- _What the exercise asks_
No pictures belong in the copy, but every line of the material below must be reproduced exactly.

- _Data block_

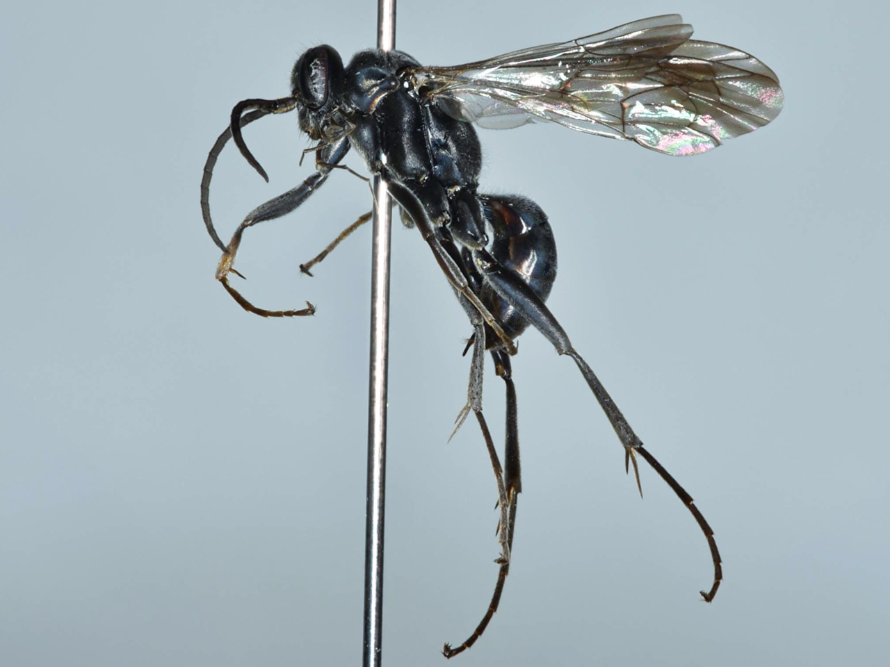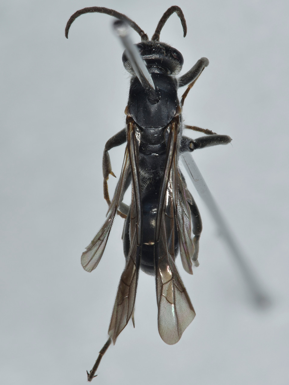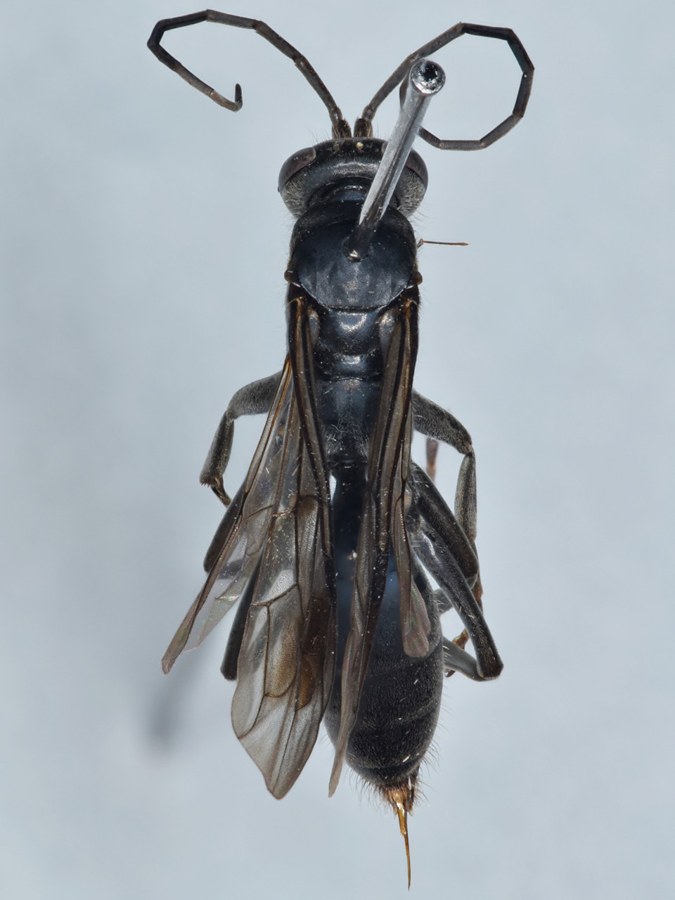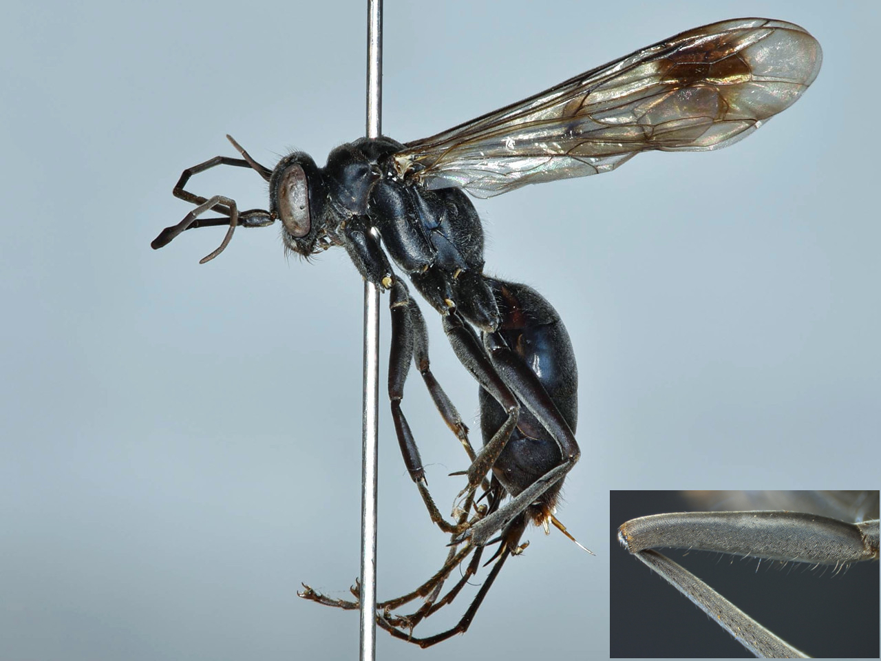体は黒色で、体全体に灰白色の微毛がある。シロオビヒゲクモバチに似ているが、メスの中・後脚腿節下面に長い立毛が多数ある。本属のメスは、小顎の付根に非常に長く湾曲したヒゲの束がある。本属には近似種が多く、主に森林性で育室内に米粒型のマユを作る。
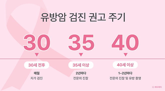 20년만에 6.5세가 높아진 셈이죠. 유방암 진단 연령이 높아지고 있지만, 조기 발견이 중요한 만큼 젊은 연령대부터 정기적인 검진을 받는 것이 필요합니다. 아래 유방암 검진 권고 주기를 확인하고, 시기별로 유방 건강을 관리하세요.
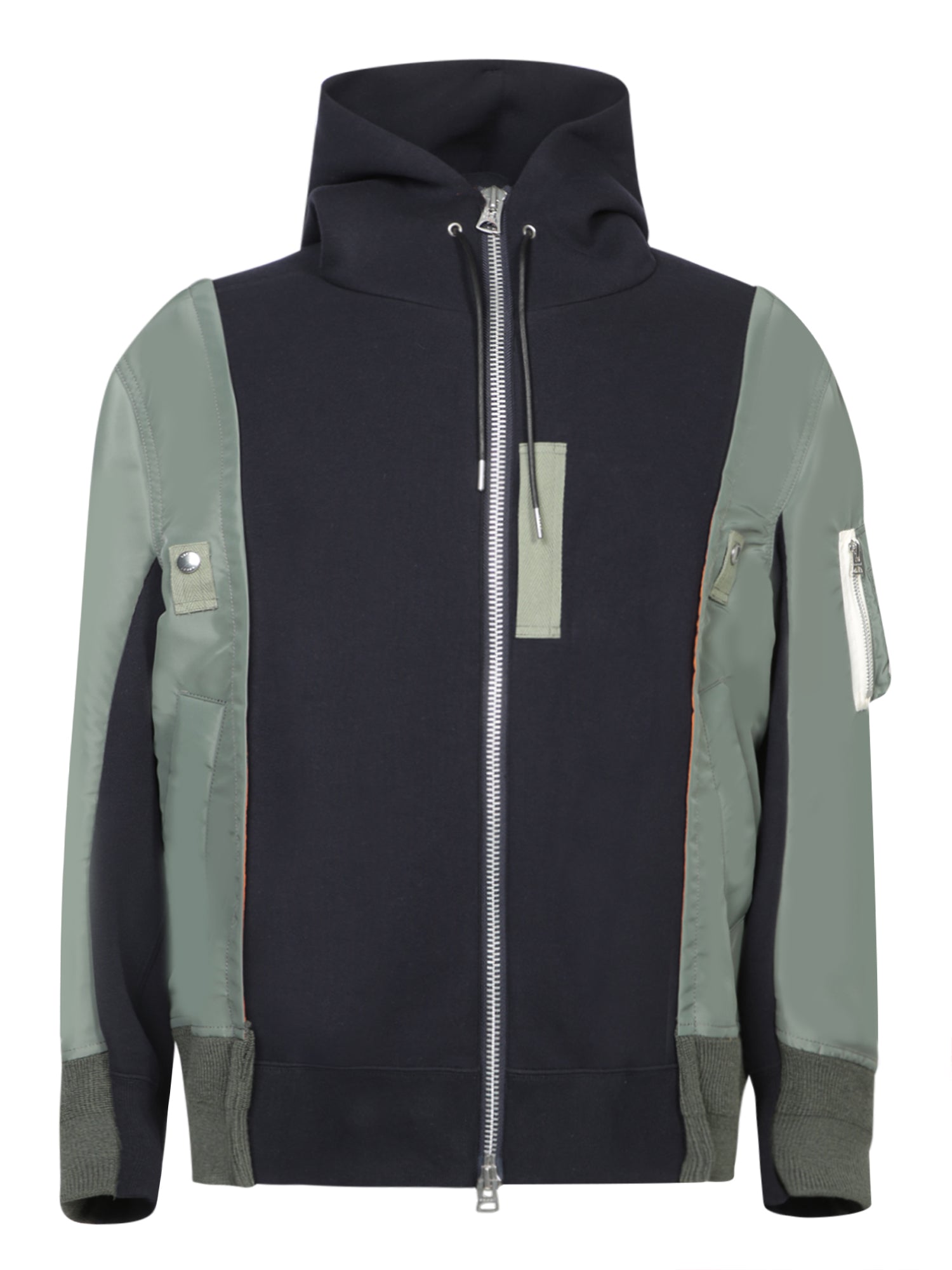 Hooded jacket in sponge fabric. Long sleeves with tone-on-tone nylon inserts and ribbed cuffs. Front zip closure.

- _Task solution_
体は黒色で、体全体に灰白色の微毛がある。シロオビヒゲクモバチに似ているが、メスの中・後脚腿節下面に長い立毛が多数ある。本属のメスは、小顎の付根に非常に長く湾曲したヒゲの束がある。本属には近似種が多く、主に森林性で育室内に米粒型のマユを作る。
 20년만에 6.5세가 높아진 셈이죠. 유방암 진단 연령이 높아지고 있지만, 조기 발견이 중요한 만큼 젊은 연령대부터 정기적인 검진을 받는 것이 필요합니다. 아래 유방암 검진 권고 주기를 확인하고, 시기별로 유방 건강을 관리하세요.
 Hooded jacket in sponge fabric. Long sleeves with tone-on-tone nylon inserts and ribbed cuffs. Front zip closure.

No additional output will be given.